1:12:47Like, don't build monday.com. Just pay for Monday. Like, it's really not that expensive unless you have a huge industry.
1:12:54Like, you have a thousand employees, then it becomes worth it to build your own because, you know, the search seats per head. But they were just overbuilding, which is wild.
1:13:03I'm sure some of you have heard about it, but the sixty thirty ten rule, right, my concept that, like, 90% of your structures, your processes should be, like, just traditional processes code, and 10% should be the AI on top of it all, which makes it all magic, so to speak.
1:13:20A lot of them were struggling with that except for the engineering team. The engineering team really was doing well on that, but that's natural. Right?
1:13:27Engineers naturally do that kind of rule process. Also, there were so many things they were trying to get an AI to do, and I'm like, how much you know, like, we calculated how much it would cost an API costs versus having a human for $40,000 a year copy and paste.
1:13:44And, um, I was like, dude, just hire an intern. Like like, just because you can automate it doesn't mean you should.
1:13:50Humans are compute efficient. We don't need a whole bunch of energy and stuff to do some pretty complex tasks. I just need a Red Bull and sandwich most of the time to get most of the work I do.
1:13:59And, like, that's very that's that needs to be in the calculation, especially I don't know if there's anyone who's in a big technical role or a data role in the in the call right now, but your efficiency of humans should be in that calculation.
1:14:14Right?

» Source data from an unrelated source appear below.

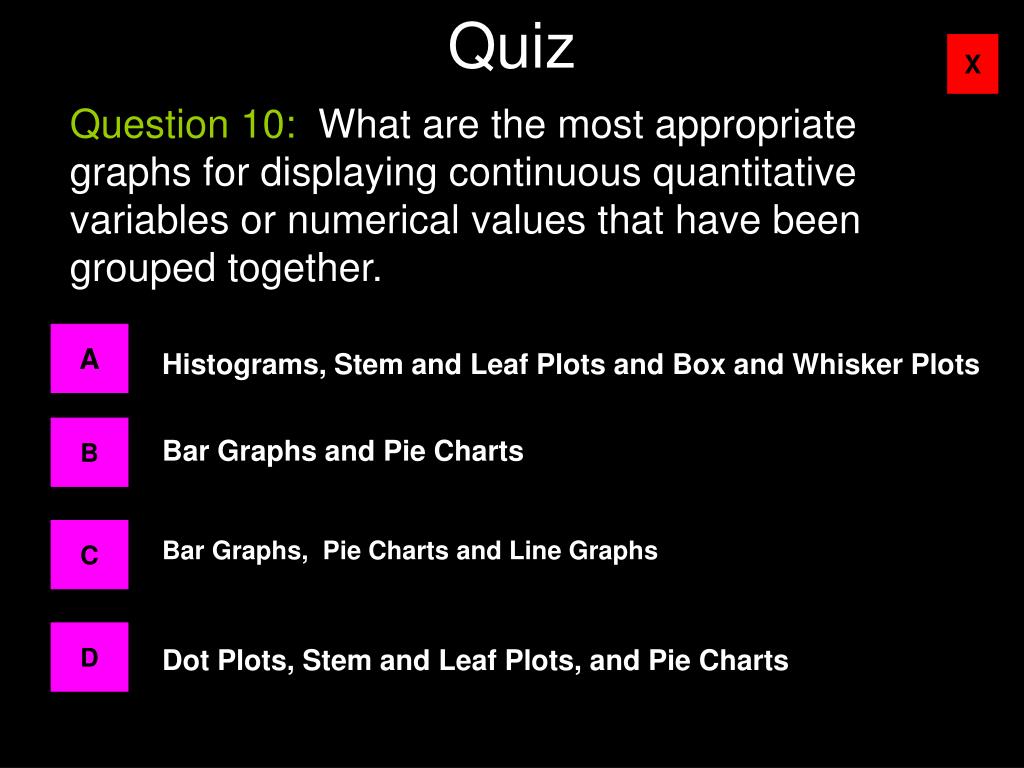 Quiz Question 10: What are the most appropriate graphs for displaying continuous quantitative variables or numerical values that have been grouped together. A Histograms, Stem and Leaf Plots and Box and Whisker Plots B Bar Graphs and Pie Charts C Bar Graphs, Pie Charts and Line Graphs D Dot Plots, Stem and Leaf Plots, and Pie Charts
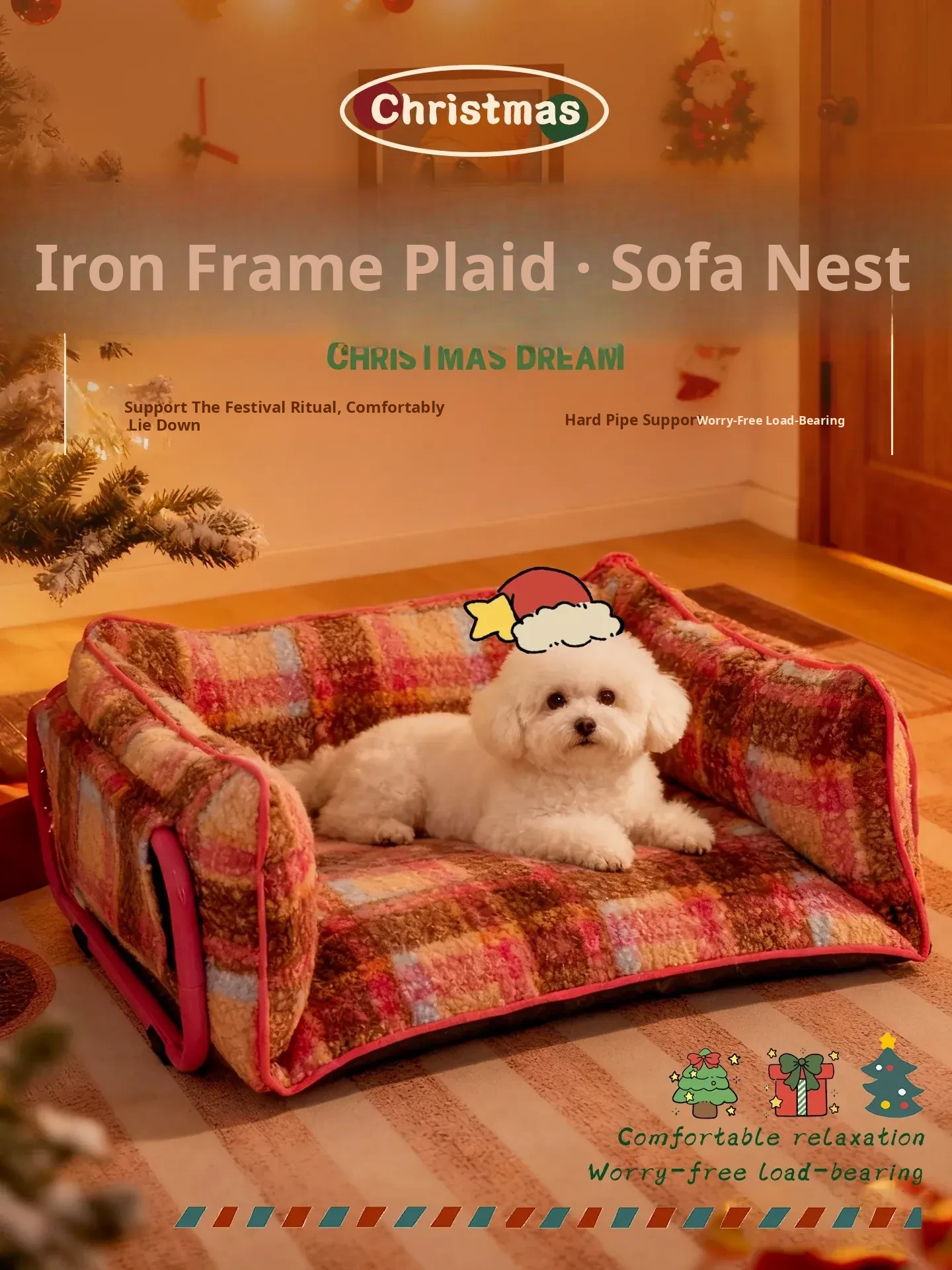 Cozy Christmas Plush Pet Bed - Removable Washable Sofa Bed with Iron Frame, Checkered Design for Small Dogs and Cats, Warm and Comfortable Pet Nest
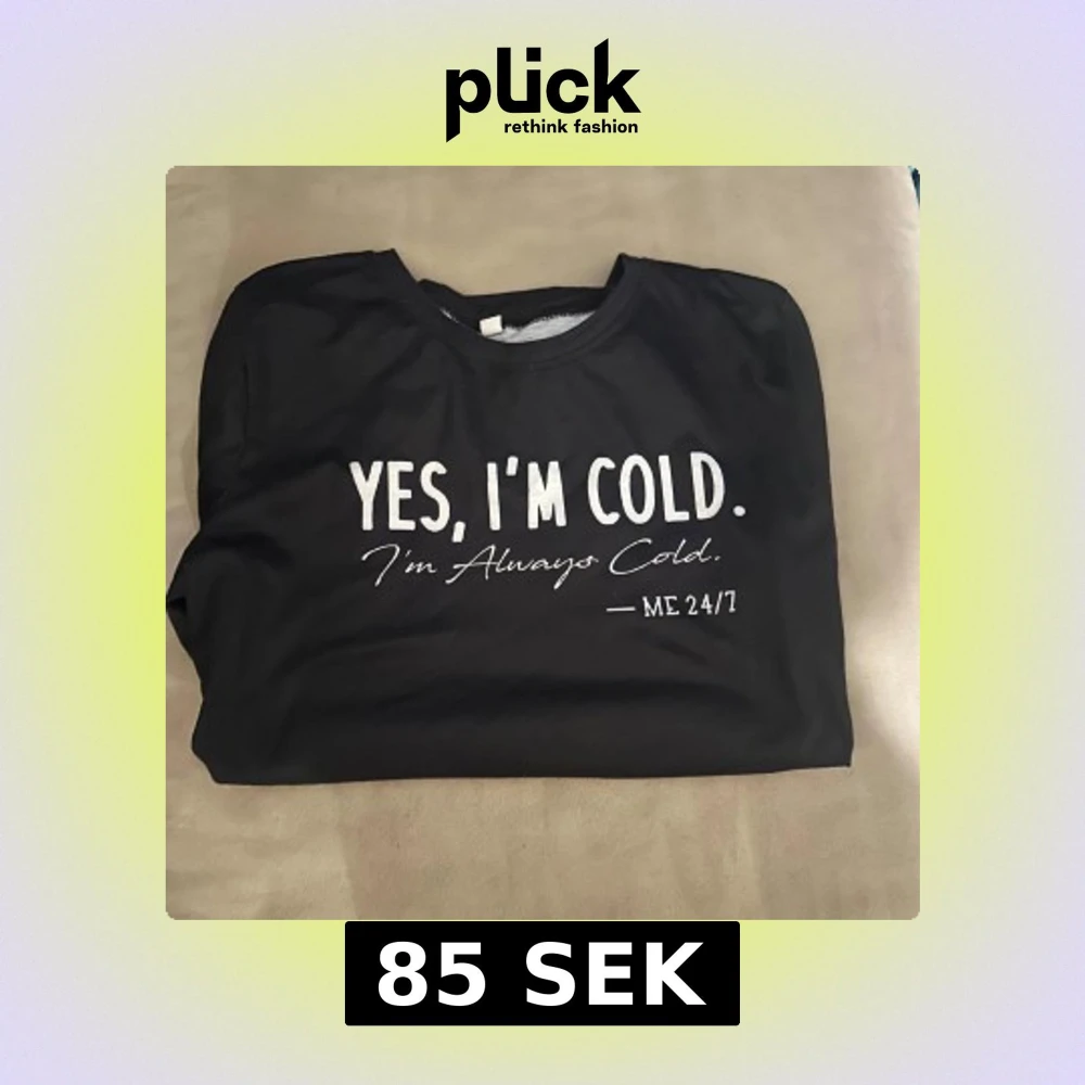 Säljer en svart långärmad tröja med trycket 'YES, I'M COLD. I'm Always Cold. - ME 24/7'. Perfekt för dig som alltid fryser! 🖤

Like, if you can give a AI tool to a person and they can get a lot done, that is more efficient and cost effective than trying to build an automation that does that thing kind of well, right, um, within reason. Again, larger companies, they get this, um, economies of scale, so it makes more sense to automate more stuff.
1:14:34But it's smaller bespoke teams. Like, AI native, in my opinion, doesn't mean you don't have any human roles using AI that you have gotten so efficient you don't need to hire certain roles or the roles themselves change what their value is giving.
1:14:53So, yeah, that's kind of a big thing. Red Red Bull and sour candy. Oh my gosh.
1:14:57I have a problem with sour skittles, and I keep getting the sour boss, um, boss. Was it sour boss? I forget what it's called.
1:15:04Final boss. Final boss sour. I keep getting ads for them, and I really wanna buy them.
1:15:08If they look so good. Um, Yeah. Mira.
1:15:10Oh, Mira. Wait. You're new to this community.
1:15:12I think I meant I remember you saying earlier in the chat. Uh, you didn't get a chance to introduce yourself. I'm so sorry.
1:15:17Would you like to introduce yourself?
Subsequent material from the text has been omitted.